Mullvad is great for privacy. But it's blocked by pretty much every VPN block list. NordVPN at the very least bypasses all the ones I regularly encounter.

I do use Mullvad for most web browsing though. But Imgur for example is blocked on it, and it's blocked in the UK, so I need NordVPN if I want to see any images there.

Most people's VPN usage is literally just geolocation restrictions and Nord is really good at that.


Aren't proxies good enough for that purpose?

The user experience differs for proxies.

System wide proxy configuration doesn’t actually always work system wide.

A VPN tends to have more success in encapsulating all application traffic (or all desired application traffic, if you’re so inclined to configure your system)


I regularly go to imgur via mullvad, exit Netherlands.

I love and use mullvad myself but I don't think they are very competitive for the average person. They mostly just care about getting around geo blocks on websites and streaming services, which mullvad puts 0 effort into facilitating.

It became less of a choice for many after they sadly had to disable port forwarding.

Yeah, their reasoning is solid (easy to abuse) but it is still a very useful feature.

AFAIK, at the moment your choices are AirVPN and ProtonVPN. AirVPN has static port forwarding and Proton has UPNP port forwarding.


private internet access has port forwarding too

PIA is not to be trusted after their buyout, IMHO

Currently using airVPN, but ye gods, their eddie client is atrocious on linux. I wind up using wg / nmcli, but then have to block traffic going outside of the vpn with iptable rules because it leaks for some reason.

I miss mullvad dearly, and I might try proton after my 3y sub is up.


Not only Eddie, their account control panels and site in general look like something from the 90s, and it seriously hampers their business. I can't recommend them to anyone that isn't highly technical. And even then, as a technical user, why do I manually have to select one of 10-20 servers within a city or region, why am I being asked to manually load balance? Why is there no Wireguard over port 53 or 443?

It makes more sense when you know they're privacy activists first, businessmen second. But Mullvad shows you can be pro privacy and still offer great UX and a sleek site and client.

Btw, if you're managing things in CLI, you could take a look at their Hummingbird Suite. AFAIK it has a killswitch.

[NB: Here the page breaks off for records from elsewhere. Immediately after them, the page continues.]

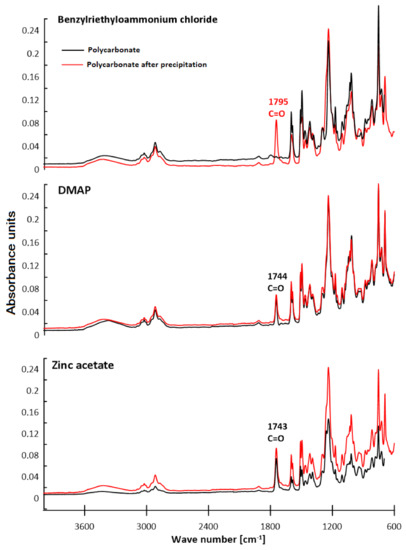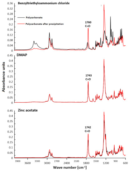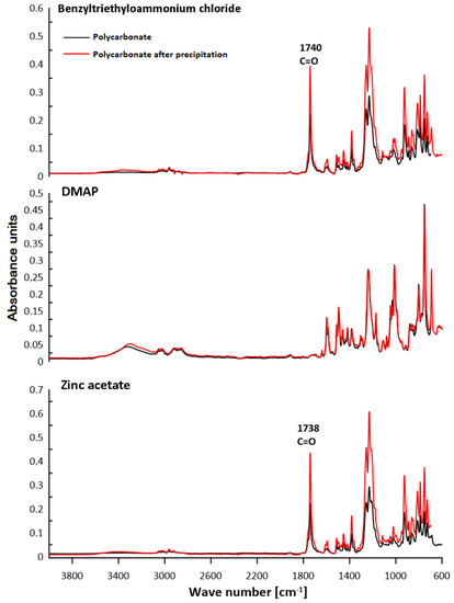 The chemical structure of polycarbonates was confirmed by attenuated total reflection–Fourier transform infrared spectroscopy. The study consisted of observing the changes in the positions of the absorption bands for the characteristic functional groups of the obtained polycarbonates. Figure 16, Figure 17, Figure 18 and Figure 19 present the results of the polycarbonates analyses: the pure polycarbonate and the polymers obtained after precipitation from methane dichloride and methanol. The most important vibrations occurring in the spectra are presented in Table 1.
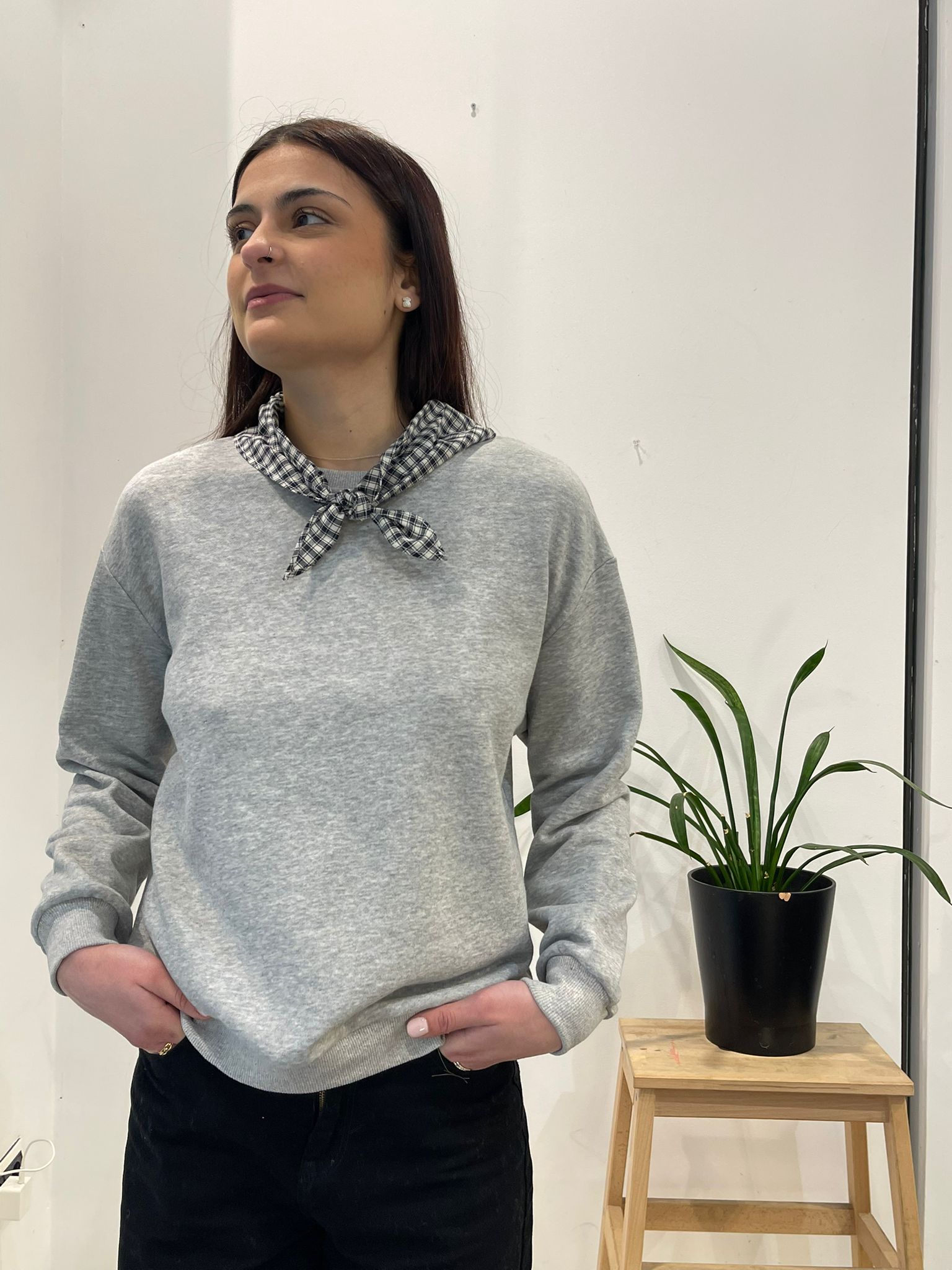 Una sudadera ligera y sofisticada para tus looks de primavera y verano. Incluye pañuelo desmontable para cambiar tu estilo en segundos.
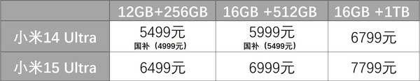 综合上述信息来看,其实小米15 Ultra的这波升级是已经超过了1500元的,所以从性价比的角度来看小米15 Ultra无疑是最佳选择。但是现在叠加了国补,500元的优惠幅度并不小,这就给了小米14 Ultra足够的市场空间,依旧有很大一部分用户会去选择,毕竟4打头的价格还是颇具吸引力的。当然,如果说大家并不是很着急入手,不妨等一等618,小米15 Ultra相较于其他家的超大杯产品有先发优势,届时很可能会有降价促销,限时直降500元来到5999元再叠加国补到5499元也不是不可能。而小米14 Ultra也会进一步降价,很有可能起售价来到4499元起。不得不说,今年的年中要上演一波超大杯乱杀的景象了,对于消费者来说是有利的,或许又是等等党的一个春天。
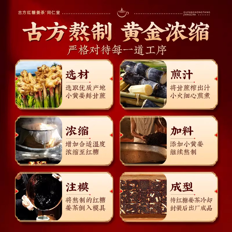 姜糖茶红糖姜茶大姨妈宫寒调理痛经正宗纯手工古方红糖独立小包装
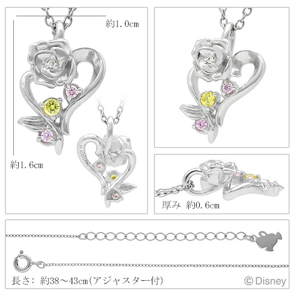 (シルバーアクセサリー シルバーペンダント シルバーネックレス シルバー925 レディースアクセサリー レディースネックレス ネックレス ペンダント キャラクタージュエリー キャラクター ファングッズ コレクターズアイテム ディズニー ディズニージュエリー ディズニーネックレス Disney ディズニープリンセス プリンセス ファンタジー 映画 メルヘン 童話 美女と野獣 beauty and the Beast ベル チップ ハート オープンハート バラ 薔薇 花 魔法 シルバー 黄色 イエロー ピンク 淡い 天然ダイヤモンド 天然ダイアモンド キュービックジルコニア ブルージルコニア)
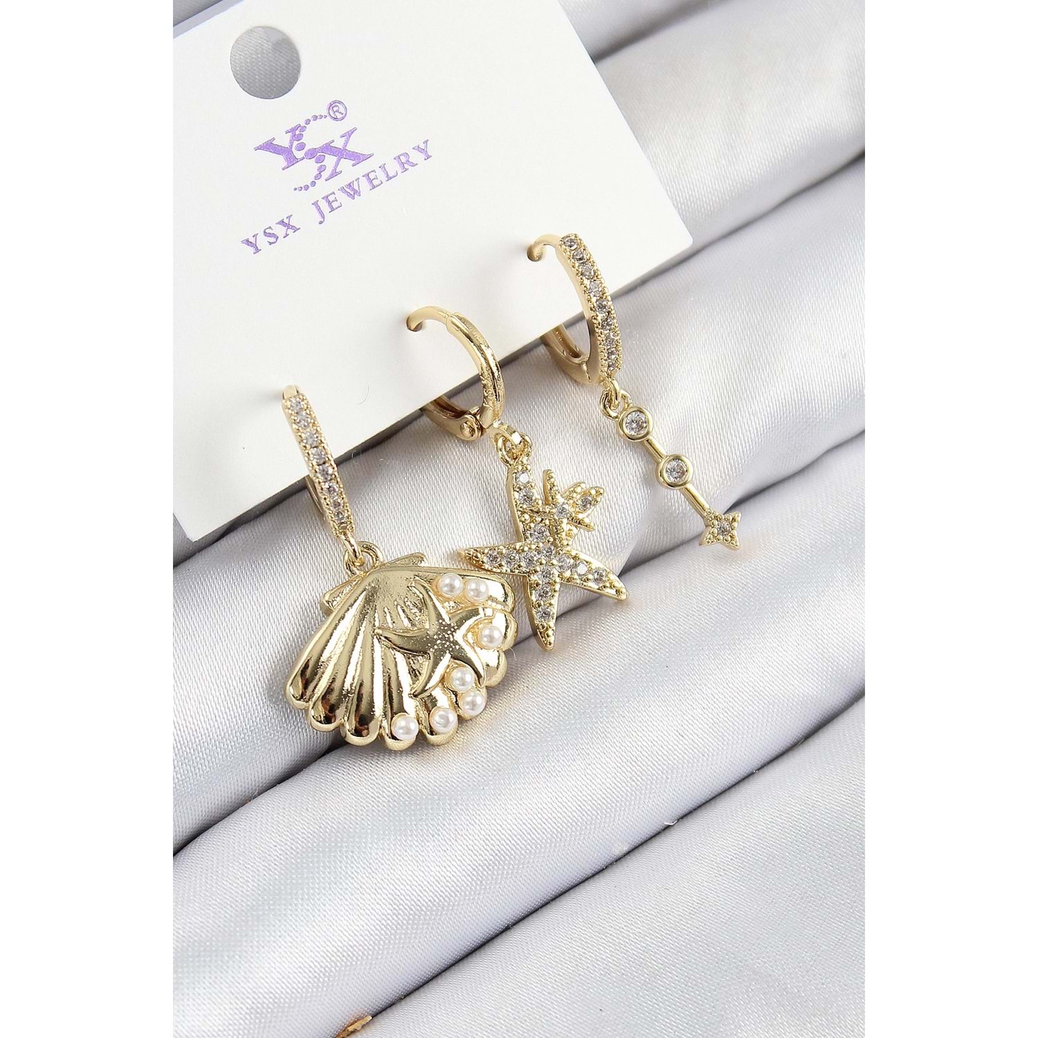 Pirinç Zirkon Taşlı 3'lü İstiridye Ve Yıldız Model Gold Renk Kadın Küpe

What sucks with Proton is that you can't share the VPN account with friends, because it is tied to your Proton account. They should create a vpn.proton.me subdomain that you can create a special managed account on that can only touch the VPN settings.


>Btw, if you're managing things in CLI, you could take a look at their Hummingbird Suite. AFAIK it has a killswitch.

Hummingbird doesn't support wireguard iirc, which is a deal breaker


Been buying mullvad for the last 4-5 years but oftentimes I can’t even browse the fucking New York Times website due to low bandwidth, let alone stream anything. At this point, I just keep adding time to my account just in case, without using it.

I wish I could use Mullvad. But their IPs are banned from many streaming services and they don't change them often enough so I am stuck with Nord.

I would just pirate at that point. You're paying for the streaming service anyways. Use mullvad to download the torrent :). I'm pretty sure they ignore dmca requests. Not that they even know their customer's names if you pay with Mullvad amazon card.

Not to mention holding companies which snap up 15 competing VPNs and whitelabel most of them.

Mullvad seems to care and be competent about privacy, but most average VPN users aren’t seeking the most extreme privacy. They just want something cheap that lets them do geolocation things or access the most websites.

The average VPN user is knowledge-less. At best their internet usage data is being sold to third party analytics companies. At worst third parties are routing their own bots through their local connection.